Rage, rage

This haibun is in response to Jilly’s day 8 quote from Jim Harrison.

“So I sit on the edge, wagging my feet above the abyss”

~ Jim Harrison


There are some who rage at the needless breaking of a branch, the digging of a den and the baiting of babies—just some animal’s, you understand. Some will march and petition for the purity of water, the saving of an old horse, or outrage at the hecatomb of the bees to line pockets with gold and the votes of farmers. And there are some who whistle as the dry wind blows away their topsoil in a cloud of sterile dust.


Beauty in dry stalks

seedbearers of tomorrow—

none so blind.

Published by

Jane Dougherty

I used to do lots of things I didn't much enjoy. Now I am officially a writer. It's what I always wanted to be.

32 thoughts on “Rage, rage”

    1. Thanks Jilly. We’ve just had the municipal hedge trimmer pass by for the second time this year, smashing its stupid way through the perfectly inoffensive hedge and oak trees, and cutting down the poppies before they’ve had time to set seed. On the one hand we are told (and I’m a believer) that plant species like the field poppy are getting to be rareties because of use of pesticides and early mowing of grass verges, and then you get some municipal idiot sending a tractor out to mow down everything in sight! Sheer idiocy.

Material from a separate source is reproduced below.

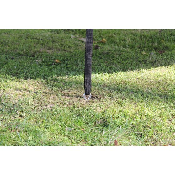 De verankeringsset zorgt ervoor dat de trampoline stevig op de grond staat. Het ankerset wordt geadviseerd bij trampolines die in een open vlakte staan , zodat de trampoline niet kan wegwaaien of niet kan kantelen.
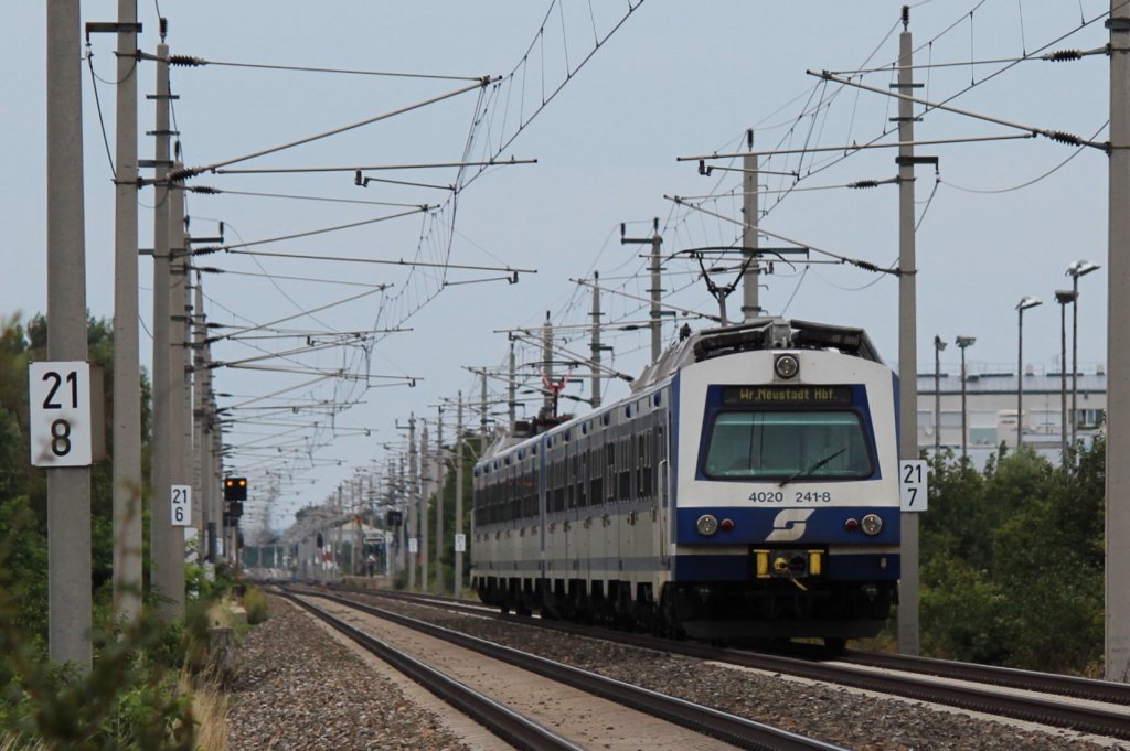 Die Typische Schnellbahnganitur 4020 in Doppeltraktion die Ganituren 41 und 43 auf der Fahrt als S9 29387 von Wien Floridsdorf nach Wiener Neustadt Hauptbahn, aufgenommen kurz nach der Haltestelle Gumpoldskirchen; am 30.07.2012 Florian Kubele

      1. Motorists love it because it destroys everything that might be a distraction, and home owners with manicured lawns love the town council getting rid of unslghtly weeds for them.

      2. Good grief! Glad you wrote the poem, Jane; it needs to be said. About 30 years ago they stopped mowing certain areas in most US states until after the wildflowers are finished. Right now the median of our main road has longer than normal grass and a riot of something yellow dancing in the breeze. I love that part!

      3. When people are surrounded by nature they don’t value it. It’s the city people who push for conservation. Country people want everything neat and tidy.

  1. an impressive list of all the ways we can be frustrated with a need to protest (love he old horse) – an impressive flow to it too – the haiku perfectly captures the illogical municipal moment

  2. I thought I had commented on this yesterday, but it was our comments on the before the mowing poem. Like Jilly, I like the tone of the paragraph. I, too, despair of people–all the people polled who think the complete mess in the White House is “doing a good job.”
    Your haiku verse is perfect.

    1. Thanks Merril. Trump, like him or not, represents a hell of a lot of bigots/people. Every country has its Trump. What the rest of us find so intolerable about him is that he represents an idea of the US as global bully boy, gauleiter of the universe. Nobody does anything without US/Trump’s approval. We’d love to tell him to stick his nasty, retarded, reactionary ideas where the monkey shoves his nuts, but America has such an inflated idea of its own importance that he’s liable to drop a bomb on any country that defies him. Please tell your cretinous fellow countrymen and women to grow some brains and vote him out!

      1. Well, the majority did not vote for him, but I don’t know what’s going to happen. We need the Republican legislators to grow backbones and consciences.

      2. The Trumps of this world when they use democratic process always seem to come to power with a minority vote. Strange, isn’t it? Anyone would think they rigged the system. Surely not!